Why Should Responsible Pit Bull Owners Have a Break Stick?
Because canines are pack animals, fights are possible in any multi-dog household, no matter what breed of dog you own. A responsible owner should take measures to prevent such fights, but he or she should also be prepared for the worst. The goal of any owner should be to break up a fight quickly and efficiently. The majority of breeds will snap erratically at their opponent, biting and releasing repeatedly. As terriers, pit bulls will usually bite and hold. Contrary to popular myth, this is not some kind of special pit bull behavior; it is merely terrier behavior. As its name suggests, a break stick is designed to break this determined terrier hold. This is the safest, easiest, and most effective way to stop a fight.

Do not attempt to use a break stick on other dog breeds.

Attempting to use a break stick on other breeds could result in serious injury to the person using the stick. Since other breeds will unpredictably snap and bite instead of getting a grip, you are far more likely to be bitten. You also should not attempt to use a break stick with other terriers.

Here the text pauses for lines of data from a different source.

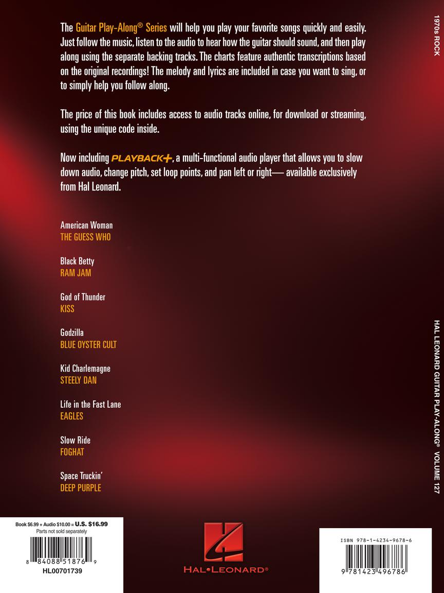 The Guitar Play-Along series will help you play your favorite songs quickly and easily! Just follow the tab, listen to the audio to hear how the guitar should sound, and then play along using the separate backing tracks. The melody and lyrics are also included in the book in case you want to sing, or to simply help you follow along. 8 songs: American Woman • Black Betty • God of Thunder • Godzilla • Kid Charlemagne • Life in the Fast Lane • Slow Ride • Space Truckin'.
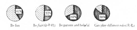 最近,《晨晖英语报》以“你心目中的好老师是什么样子的?”“一名受欢迎的老师应该有什么样的特点?”为题展开r调查和讨论,结果如下(黑影部分):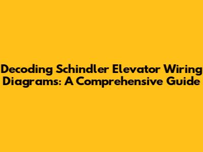 Decoding Schindler Elevator Wiring Diagrams: A Comprehensive Guide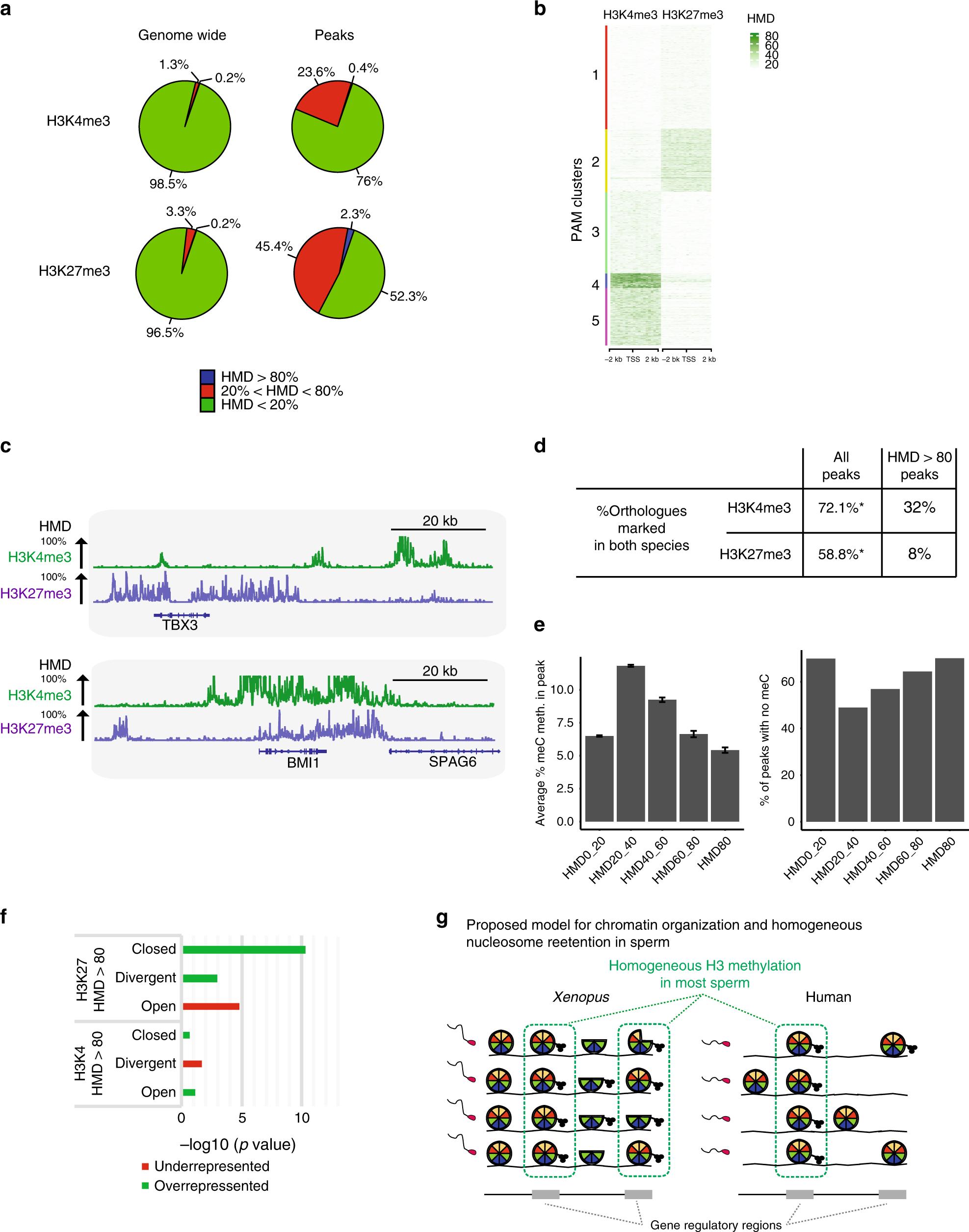 a Percentage of the genome (left) and percentage of peaks (right) with different levels of H3K4 or H3K27 methylation density in human sperm. b PAM clustering of H3K4 and H3K27 HMD levels at promoter regions (TSS +/â2âkb) in human sperm. c Genome browser screenshots of TBX3 and BMI1 HMDs in human sperm. d Percentage of gene orthologues with peaks of histone methylation in both human and Xenopus sperm. e Barplots of the average percentage (%) of 5mC methylation at H3K27me3 peaks stratified by methylation level (left); error bars: sem; barplot of the percentage of H3K27me3 peaks showing absence of 5mC methylation (right) (5mC methylation: single-sperm bisulfite sequencing data from ref. 31). f Barplots indicating âlog10 (p value) for enrichment of sperm TSSs with HMDâ>â80 for H3K4 or H3K27 in set of genes with TSSs showing different chromatin accessibility level in eight cell embryos (open and closed corresponds to TSSs open or closed in all cells of a eight cell embryos), whereas divergent corresponds to TSSs either open or closed in different cells (ATAC-seq data from ref. 31); p values determined by Ï2 proportion test evaluating if the proportion of gene of interest is higher (green) or lower (red) than the genome-wide proportion (i.e., expected proportion). g Model of epigenetic homogeneity in Xenopus and human sperm. The cartoon summarises the observed trends in retention of modified histones across the genome in those species. Source data related to b and e are provided as Source Data files.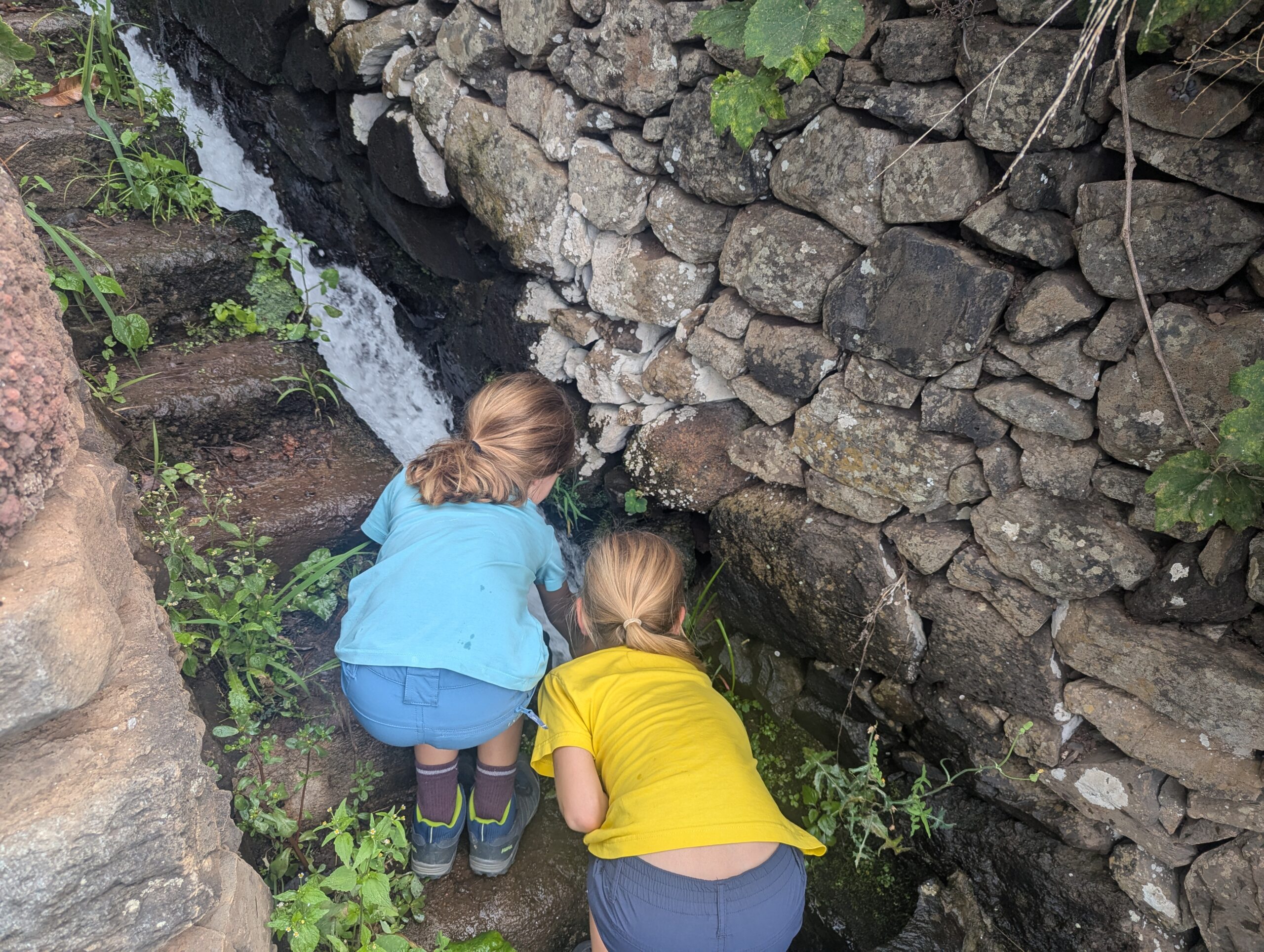 Die Kinder hörten aufmerksam zu und stellten viele neugierige Fragen. Besonders schön war ein Moment, als eines der Mädchen einen Teil einer alten Bananenblüte als kleinen „Schlüssel“ mitnahm und unterwegs Mini-Bananen sammelte, die man von den Pflanzen entfernt, weil sie nicht mehr weiterwachsen. Diese kleinen Erlebnisse machten die Tour für die Kinder besonders spannend – sie entdeckten, staunten und lernten gleichzeitig.

While all terriers grab and hold, pit bulls are far less likely to redirect their bite on an intervening human than, say, a Jack Russell Terrier. For the same reason, you also need to be very careful when separating your pit bull from another breed. Your pit bull will probably not bite you, but you might get bitten by the other dog.

Be Prepared
There are many ways of managing a multi-dog household. Your primary goal should be to prevent fights before they begin. Many, many pit bulls-even pit bulls from fighting backgrounds-get along just fine with other dogs. Nevertheless, the breed's tendency for dog aggression is slightly higher than the average dog, so constant vigilance is vital. 
If a fight does occur, you will be better prepared to break it up if you have already rehearsed the procedure before the need arises. Look into your dog's mouth and find the gap where the teeth do not meet at the very back of the jaw. This is where you are going to insert the stick.

Before Grip
If the dogs don't have a hold yet, you may be able to break the fight using other methods. Jerking the dogs back by their collars, a loud and firm break command, a bucket of cold water, a water hose, or placing a barrier such as a baby gate between the two dogs may be enough to stop them. Be safe: don't put your hands anywhere near the mouth of the dogs.

How to Break Up a Fight
If one of the dogs has a grip, it's time to use a break stick.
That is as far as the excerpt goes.